Du coup, par déformation professionnelle, lorsque je lis une œuvre de fiction, j'ai tendance à la considérer avec un regard structuraliste, à analyser les motifs. Et bien souvent je me retrouve à dire (je l'ai d'ailleurs fait à plusieurs reprises sur ce forum) "Ah, tiens, c'est le conte-type AT xxx".
Et genre de remarque (c'est mon expérience personnelle qui parle, cette fois-ci, je me garderai de généralisé) m'arrive bien plus souvent avec la Fantasy qu'avec la SF. Le "coupable" en est sans doute Tolkien, qui du fait de son activité de scientifique a lui-même construit son œuvre d'éléments tirés du folklore et de la mythologie européenne. Mais lui avait du talent. C'est de ce fait que bien souvent les autres œuvres de Fantasy me tombent des mains, car j'ai souvent l'impression d'un bête recyclage. Mais on ne peut pas toujours faire du neuf avec du vieux. Il faut du talent et de l'imagination pour cela. Je schématise à l'extrême, mais on se retrouve bien trop souvent avec la sempiternelle combinaison prince / dragon / épée / mage.
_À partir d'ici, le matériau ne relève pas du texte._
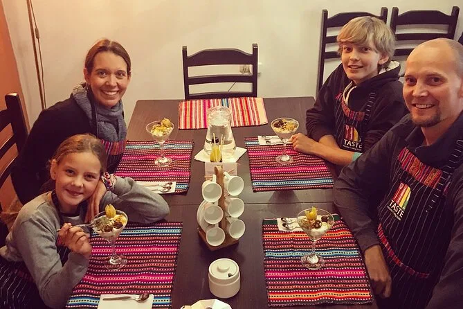 Je ne pensais pas autant m’amuser à préparer un Pisco Sour — secouer le shaker, c’est plus compliqué qu’il n’y paraît. Le repas (déjeuner ou dîner selon votre horaire) s’est transformé en une longue discussion autour de la table sur les recettes de famille et les anecdotes de voyage. Je repense encore à cette première cuillerée de parfait aux fruits ; doux sans être trop sucré, avec un petit croquant dessus. On est repartis le ventre plein et les mains un peu farineuses, en se sentant presque comme des habitants de Cusco le temps d’un instant. Tout n’était pas parfait — mon tiradito était un peu bancal — mais ça n’avait aucune importance.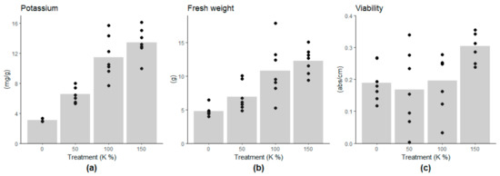 Effect of potassium treatments (0%, 50%, 100%, and 150%) on (a) intracellular potassium content per dry weight, (b) fresh weight and (c) viability of cells. The low potassium contents in the culture medium decreased the potassium content of the cells, which inhibited the growth linearly. Cell viability was higher in the 150% K treatment compared to the other treatments.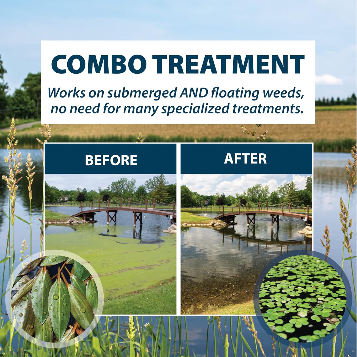 - Combination Treatment Effective on Floating & Submerged Aquatic Weeds: Controls duck weed, water lilies, coontail, fanwort, watermilfoil, American pondweed, bladderwort, curly leaf pondweed, hydrilla, elodea, lily pads, sago pondweed, spatterdock, southern naiad, and other common species.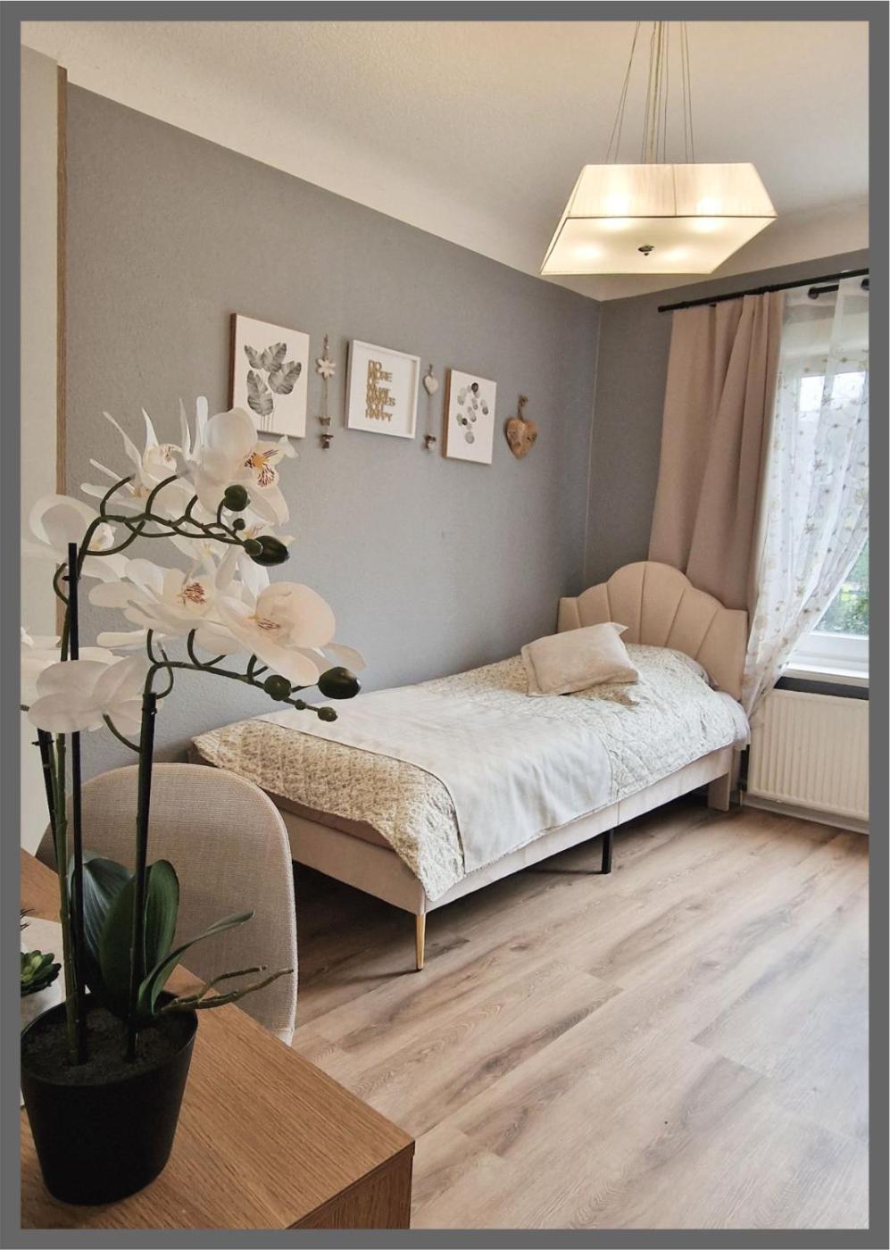 Zweibettzimmer mit Gemeinschaftsbad. The twin room offers a washing machine and a coffee machine, as well as a shared bathroom boasting a hairdryer. In the fully equipped kitchen, guests will find a stovetop, a refrigerator, kitchenware and an oven. A dining area, parquet floors and heating are offered in this twin room. The unit has 2 beds. ;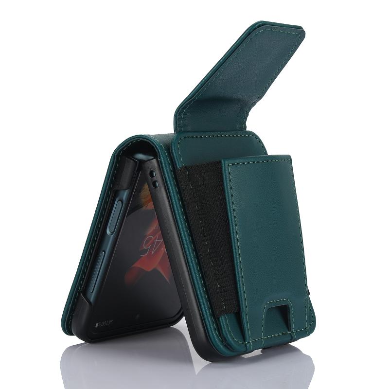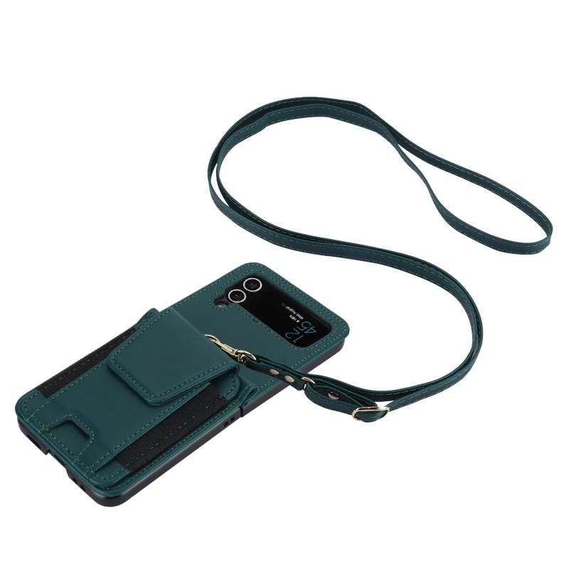 For Samsung Galaxy Z Flip4 Card Slots Folding Phone Case with Long Lanyard(Green)

Autrement dit, j'ai le sentiment que sous couvert d'évasion, de dépaysement, la Fantasy offre en réalité plus au lecteur un terrain connu, déjà balisé et donc rassurant, car très ancien et fréquenté depuis longtemps pour ce qui concerne ses schémas narratifs. On a peu de chance d'y trouver des prises de risques réelles en matière d'idées, contrairement à ce qui se fait en SF. Du coup, seul le style peut faire la différence.
Je le répète, pour qu'on ne me tombe pas dessus en disant que j'assène des vérités, il ne s'agit pas d'un avis général, mais bien de mon regard personnel et donc forcément subjectif. Je n'ai pas la prétention de connaître toute la Fantasy.